[WHAT THE TASK REQUIRES]:
Retype only the lines below from the one with "จินเจน ขิงผง 100%" to the one with "Afvalzakhouder met kunststof", inclusive, skipping every image.

[DATA LISTING]:
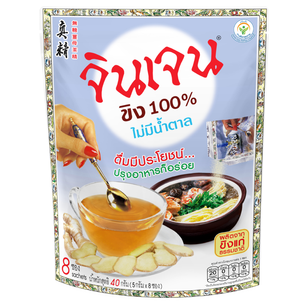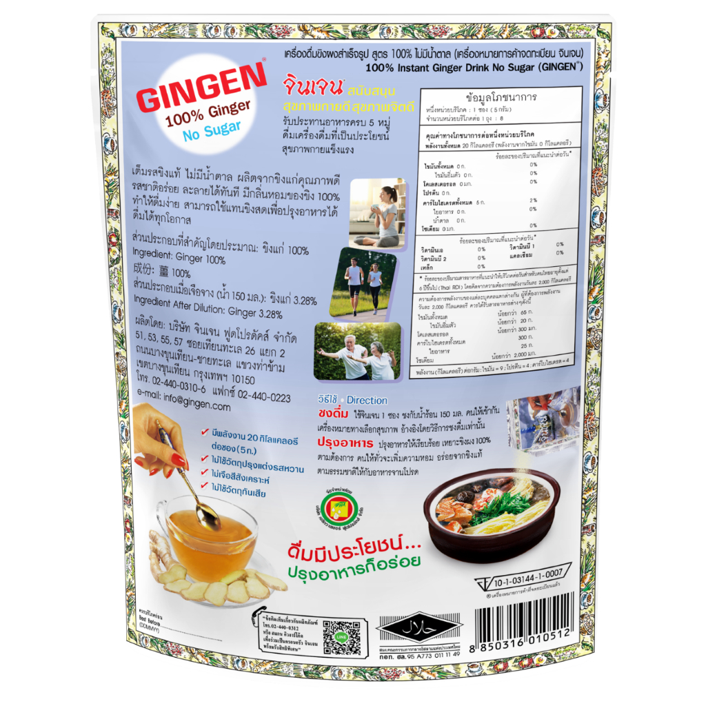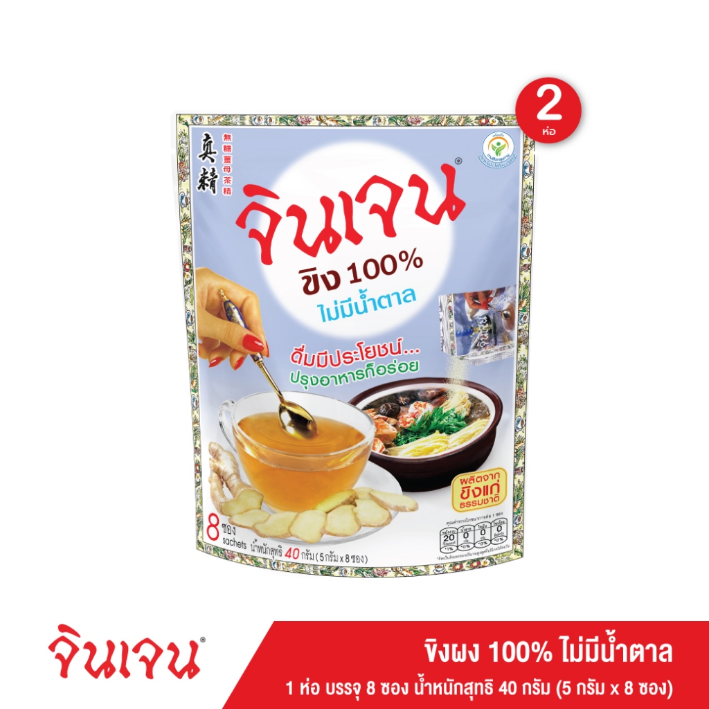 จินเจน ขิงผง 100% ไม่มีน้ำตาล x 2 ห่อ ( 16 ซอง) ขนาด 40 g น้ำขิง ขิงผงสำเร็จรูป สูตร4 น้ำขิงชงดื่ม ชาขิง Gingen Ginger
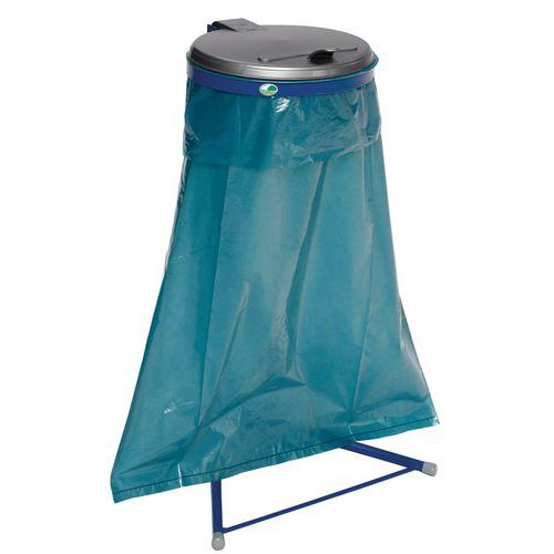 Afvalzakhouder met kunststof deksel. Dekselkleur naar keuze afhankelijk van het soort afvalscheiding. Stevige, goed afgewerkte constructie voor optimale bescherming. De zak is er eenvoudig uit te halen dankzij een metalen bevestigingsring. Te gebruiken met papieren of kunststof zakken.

--

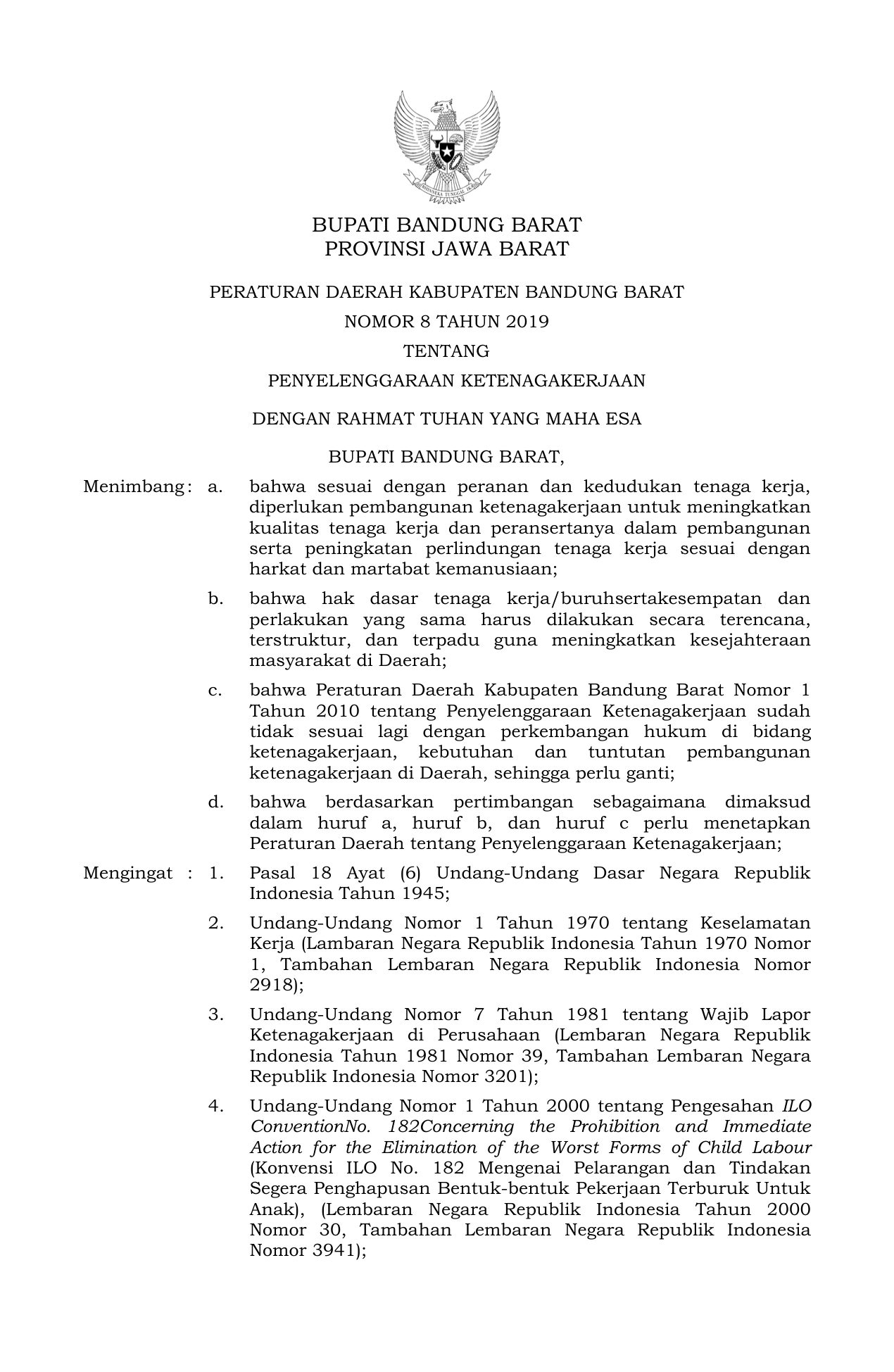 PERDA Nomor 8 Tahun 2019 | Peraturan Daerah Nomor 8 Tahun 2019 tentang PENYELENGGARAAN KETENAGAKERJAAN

[ANSWER BELOW]:
 จินเจน ขิงผง 100% ไม่มีน้ำตาล x 2 ห่อ ( 16 ซอง) ขนาด 40 g น้ำขิง ขิงผงสำเร็จรูป สูตร4 น้ำขิงชงดื่ม ชาขิง Gingen Ginger
 Afvalzakhouder met kunststof deksel. Dekselkleur naar keuze afhankelijk van het soort afvalscheiding. Stevige, goed afgewerkte constructie voor optimale bescherming. De zak is er eenvoudig uit te halen dankzij een metalen bevestigingsring. Te gebruiken met papieren of kunststof zakken.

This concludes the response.